Support a traditional rancher in the process of transforming his conventional farm into a pilot unit of a silvopastoral system, where other farmers can learn the principles and technical details to implement and operate their own sustainable dairy farms. The project will be monitored for a minimum of three years.

The project has the following steps:

Mapping of the property in collaboration with the producer and his family for zoning of productive, restoration and conservation activities in order to increase productivity, sustainability and the resilience of the farm.

Selection of species of trees, shrubs and pastures that best suit the climate and bring greater productivity, improve soil conditions and ecosystem services and promote animal welfare and benefits for local biodiversity.

Implementation of SPS.

Conducting a workshop with practical experience on sustainable livestock on the property.

Monitoring and evaluation of results in terms of increased productivity, organic carbon in the soil and ecosystem services.
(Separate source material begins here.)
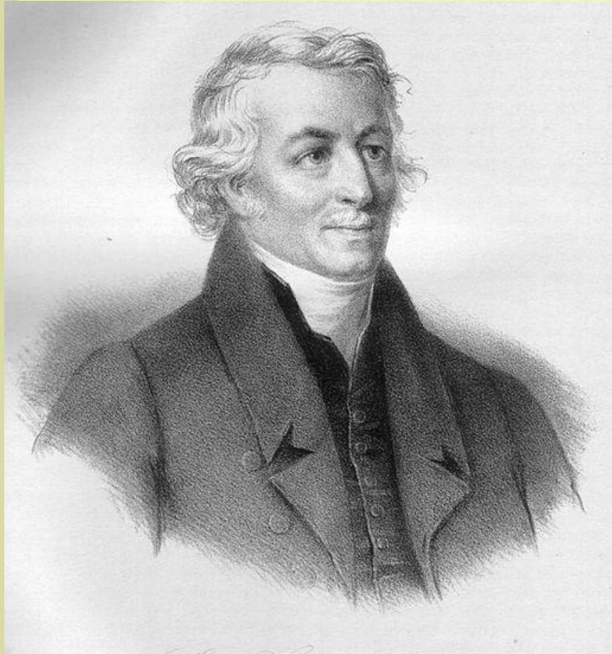
Фредерик Сезар Лагарп, воспитатель Александра I

Значительное влияние на будущего императора оказал один из его воспитателей, швейцарский политик Ф. С. Лагарп, приверженец идей либерализма. Он пытался внести эти идеи в сознание Александра.

In addition to monitoring for the production of:

Milk - The evaluation of milk quality carried out by comparing the results before and after the implementation of the system. An increase in the percentage of total solids is expected.

Soil - Assessment of changes in the composition of nutrients and organic carbon. Soil samples are collected previously and periodically during the entire SPS implantation process. As a reference, samples will also be collected in the remaining forest areas. One idea is to involve young people and children from the local community in this process through a program of "child researchers", where they can carry out some scientific collections and measures and thereby also be made aware of environmental issues.

Production costs - Cost analysis of milk production before / after the implementation of the SPS.

Taking practical information to rural producers in areas of tropical forests, so that they are able to implement the lessons presented in the courses on their properties is among the main objectives of ELTI - Environmental Leadership & Training Initiative, the School's Environmental Leadership and Training initiative Forestry and Environmental Studies, Yale University.

In Brazil, ELTI carries out these actions in partnership with projects from IPÊ - Institute for Ecological Research and ESCAS - Superior School of Environmental Conservation and Sustainability. The actions started in 2018, in the regions of the Cantareira System and in the Pontal do Paranapanema, and in 2019, through the pilot project Accelerating the Adoption of Sustainable Livestock with Specialized Training in Brazil.

In the Cantareira System (SP), ELTI has already developed training courses for rural producers in order to contribute through sustainable practices in the field with the increase of water security. In Pontal do Paranapanema (SP), the course aimed to stimulate sustainable productive systems that protect the remaining biodiversity of the interior Atlantic Forest, support ecosystem services and support social well-being in this landscape.

The pilot project, in partnership with Danone, aimed to support a traditional rancher in the process of transforming his conventional farm into a demonstrative unit (model) of a silvopastoral system, where other farmers can learn the principles and technical details to implement and operate their own sustainable dairy farms.